Olympics: Chinese finding out that they can't control it all
By TIM DAHLBERG
AP Sports Columnist
Let the games begin.
The first gold medal of the Beijing Olympics goes to the free-speech protester who managed to crash the carefully staged lighting of the Olympic torch in Greece. The silver goes to the Tibetan woman covered in fake blood who briefly blocked the path of the torch relay before it had barely began.
Two other protesters get bronze medals, only because they didn't do much other than run around the field at Ancient Olympia and make some noise.
Is this going to be a great Olympics or what?
Records will surely be set long before the games officially open Aug. 8 in Beijing, though those keeping the official books will likely not recognize them. They would like to keep the fun and games contained on the athletic side, but the genie is already out of the bottle for this Olympics.
Tibet, Darfur, freedom of speech. They're all in play, and if yesterdays action at the torch lighting was any indication, the Chinese either better figure out a way to deal with differing political views — and quick — or risk having the games they so desperately wanted to celebrate the country as an athletic and economic power turned into a platform of a completely different kind.
The early indications aren't promising. Flexibility doesn't seem to be the country's strong point.
China has already blocked off routes from its side of Mount Everest this spring, fearful that Tibet activists may try to disrupt plans to carry the Olympic torch to the world's tallest peak. The same fears have prompted the country to ban live broadcasts during the Olympics from Tiananmen Square, where Chinese troops crushed pro-democracy protests nearly two decades ago.
But the Olympics are a worldwide phenomenon, and the protests that succeeded in Greece despite the presence of 1,000 police showed how little the Chinese can control things outside their own country. There are well-organized groups eager and ready to link these games with causes that include suffering in Darfur and the bloody Chinese crackdown in Tibet, and they're going to be hard to stop.
Imagine what's going to happen when the torch relay comes to San Francisco, its only North American stop, on April 9 and protesters get a chance to unleash their full fury. The city's mayor has already said no one will be prevented from demonstrating as the torch travels through the city, and city officials have even debated whether to use the event to criticize China's human rights record themselves.
The Olympics are five months away, and already they're a public relations nightmare. The Chinese thought they would stage the grandest games ever and the world would applaud, but a good portion of the world appears to be growing increasingly uneasy with the whole thing.
There were always issues with these Olympics, as there are with any Olympics.

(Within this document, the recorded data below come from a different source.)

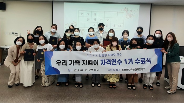 연수는 ▲부모와 아이 사이 슬기로운 대화법 ▲MBTI를 활용한 우리 가족 테라피 ▲편식예방을 위한 올바른 간식 만들기 ▲가정에서 함께하는 유아 성교육 ▲부모공감 원격연수 등으로 운영됐으며, 연수에 성실히 참여한 부모에게 「우리 가족 지킴이 자격연수 이수증」을 증정했다.
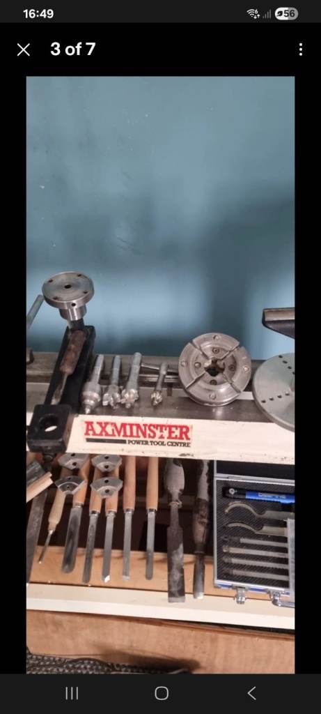 Axminster wood lathe in excellent condition, comes with all youll ever need to start out, there's over 2 thousand pounds of stuff here altogether, runs off a normal household plug, selling due to my son moving in with me and I need the room
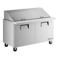 This unit is outfitted with a pan rail that comes with (12) 1/6 size, 4" deep food pans, so you can begin using it as soon as possible. For more widely used ingredients, though, it can hold pans up to 6" deep. This refrigerated prep table also features a full-length, 11 3/4" deep cutting board made from durable white polyethylene that's built to stand up to constant pounding and cutting from kitchen knives.
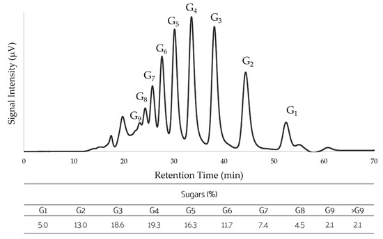 Representative high performance liquid chromatography (HPLC) profile of (1→3)-α-D-glucooligosaccharides obtained by partial acid hydrolysis of L. sulphureus (1→3)-α-D-glucan. In the abbreviation Gn, “n” represents the degree of polymerization. G1: glucose, G2-G9: (1→3)-α-D-glucooligosaccharides with a DP of 2 to 9, >G9: (1→3)-α-D-glucooligosaccharides with a DP more than 9.
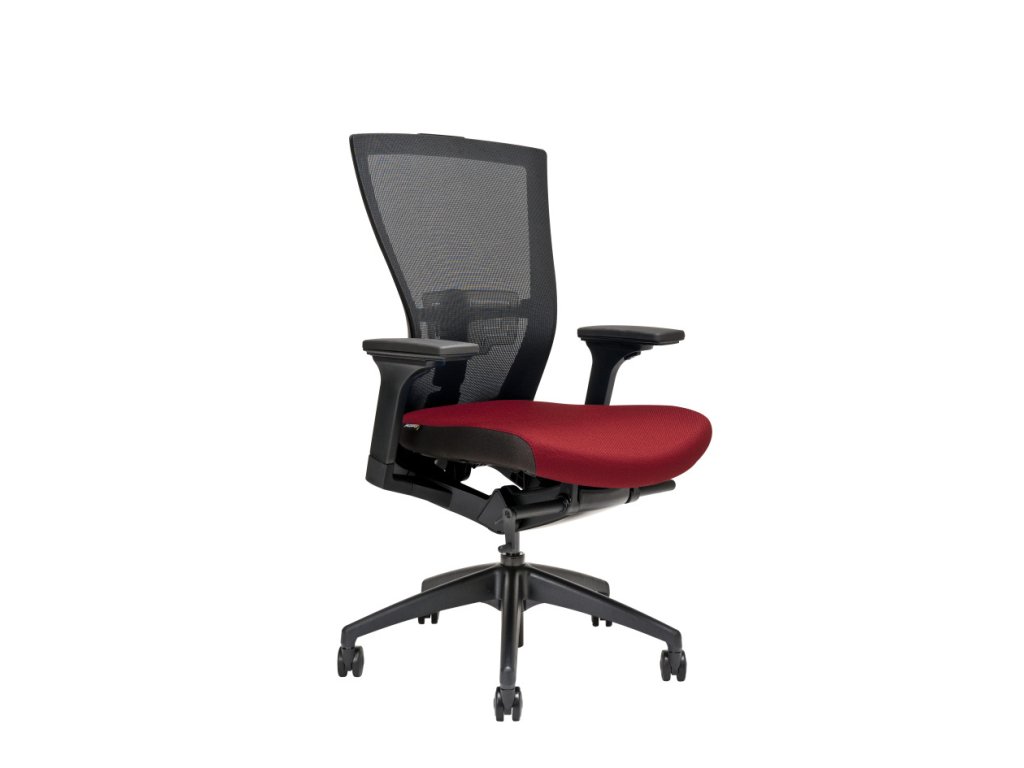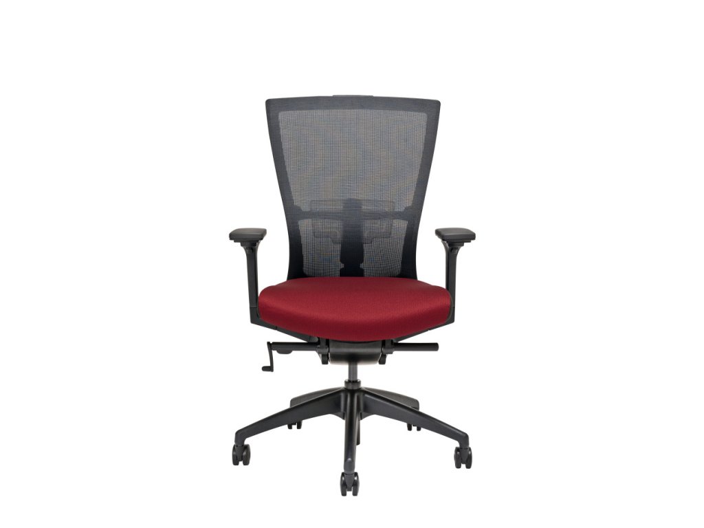 Kancelářská židle - otočná se synchronní mechanikou, nosnost 120 kg, tvarovaný sedák s nastavitelností hloubky a výšky, vytvarovaný opěrák s nastavitelným sklonem, područky s možností nastavení ve více směrech, nastavitelná bederní opěrka, plastová a pogumovaná kolečka o průměru 6,5 cm, plastová konstrukce, materiál potahu textil a síťovina, rozměry 68 × 60 cm (Š×H)
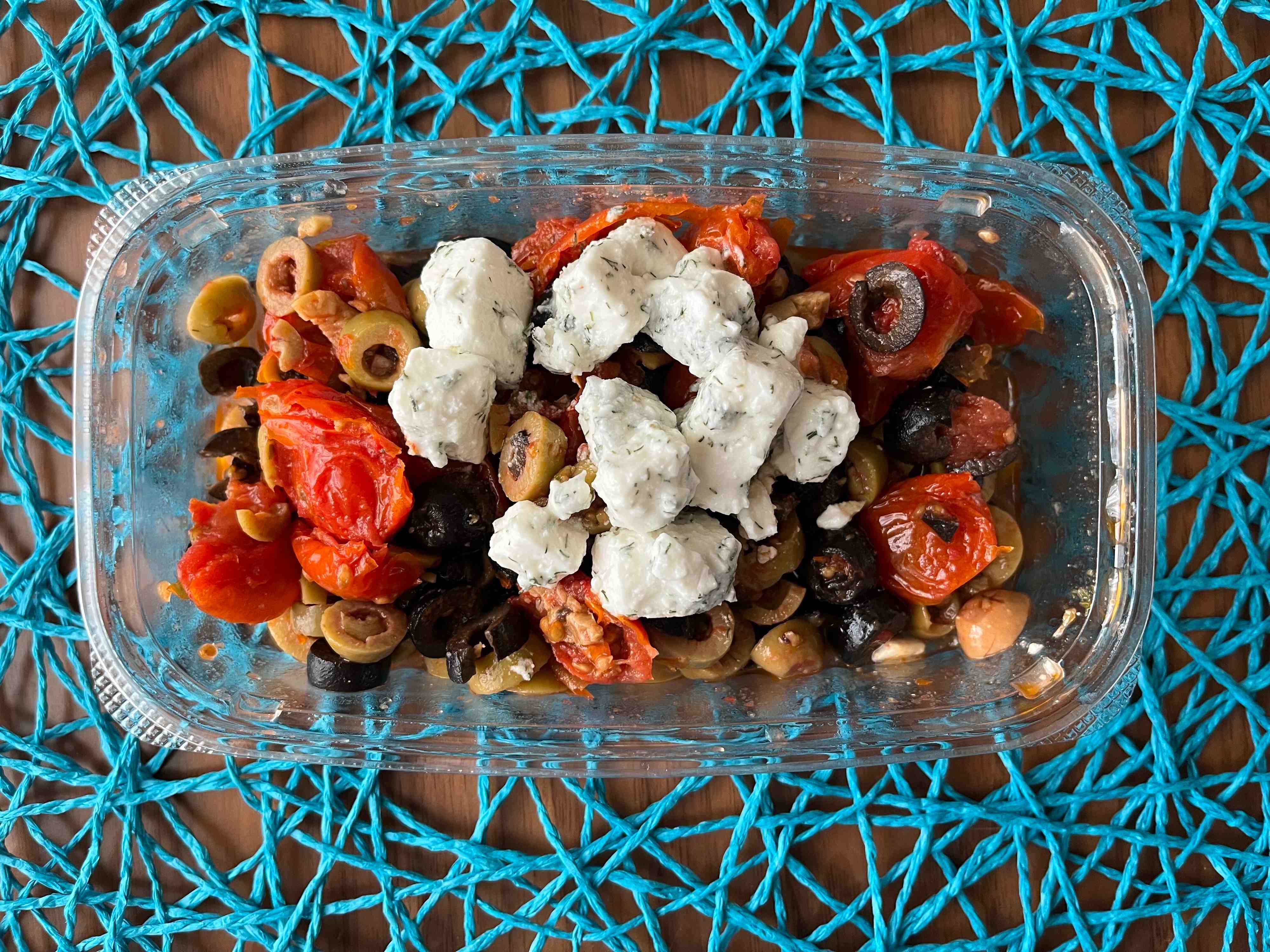 羊や山羊のミルクを原料とした「フェタチーズ」に、セミドライトマト、そしてスライスされたグリーンオリーブとブラックオリーブ。これらが白ワインビネガーベースの液でマリネされています。
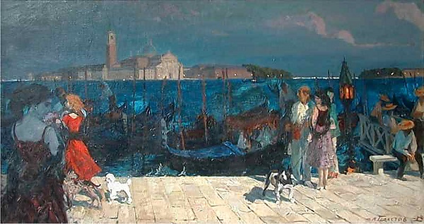 Полотно представляет собой ночную ведуту с изображением городской набережной, залитой искусственным светом. На переднем плане по горизонтали расположены фигуры: слева со спины показана девушка в тёмном сарафане, рядом с ней — обнявшиеся юноша и рыжеволосая девушка в красном платье, а также две собаки. Ближе к центру у фонаря стоят мужчина и две женщины с собакой; справа выделяется группа гондольеров в шляпах. На втором плане изображена широкая тёмно-синяя полоса воды с гондолами, в которых видны отдельные фигуры. Вдали находится остров с архитектурными сооружениями, среди которых левее центра выделяется церковь Сан-Джорджо-Маджоре с зелёным куполом, фасадом с портиком и отдельно стоящей кампанеллой. По линии горизонта заметны огни города, небо написано в серо-синих и сиреневых тонах.

British officials wanted to muzzle their athletes during the games, the U.S. State Department warned anyone attending that they would likely be under surveillance, and the choking pollution in Beijing might keep some athletes away.
But now there are really big issues, and the Chinese aren't doing themselves any favors in clumsy and heavy-handed attempts to separate them from the field of play.
None are bigger than Darfur and Tibet, and Chinese officials have to be worried about what is to come after seeing what was supposed to be a glorious torch lighting ceremony overshadowed by demonstrators in Greece. Months of protests leading up to the Olympics will be bad enough, but what happens if protests break out during the games in Beijing and are put down violently?
At least one group has already announced its intentions to make a scene.
"We are planning some actions during the games themselves in Beijing," said Jill Savitt, executive director of Dream for Darfur. "We're not going to release the details of those yet for fear we wouldn't be able to pull off those events."
Indeed, the very Olympics that the Chinese want to use to show off their country will be used by activists to show things that may not be so pretty. Though there has been some idle talk about possible boycotts because of Tibet, both sides want these games to go ahead for reasons of their own.
IOC president Jacques Rogge said much the same thing yesterday in an interview with The Associated Press before the torch ceremony that went bad.
"Awarding the games to China has put China in the limelight and opened the issues up to the world," Rogge said. "Tibet, rightfully so, is on the front page. But it would not be on the front page if the games were not being organized in China."
The Chinese wanted these games badly, and they got them. They're spending untold billions to put on a spectacle for the world.
But they're finding out early that they can't always control what the world sees.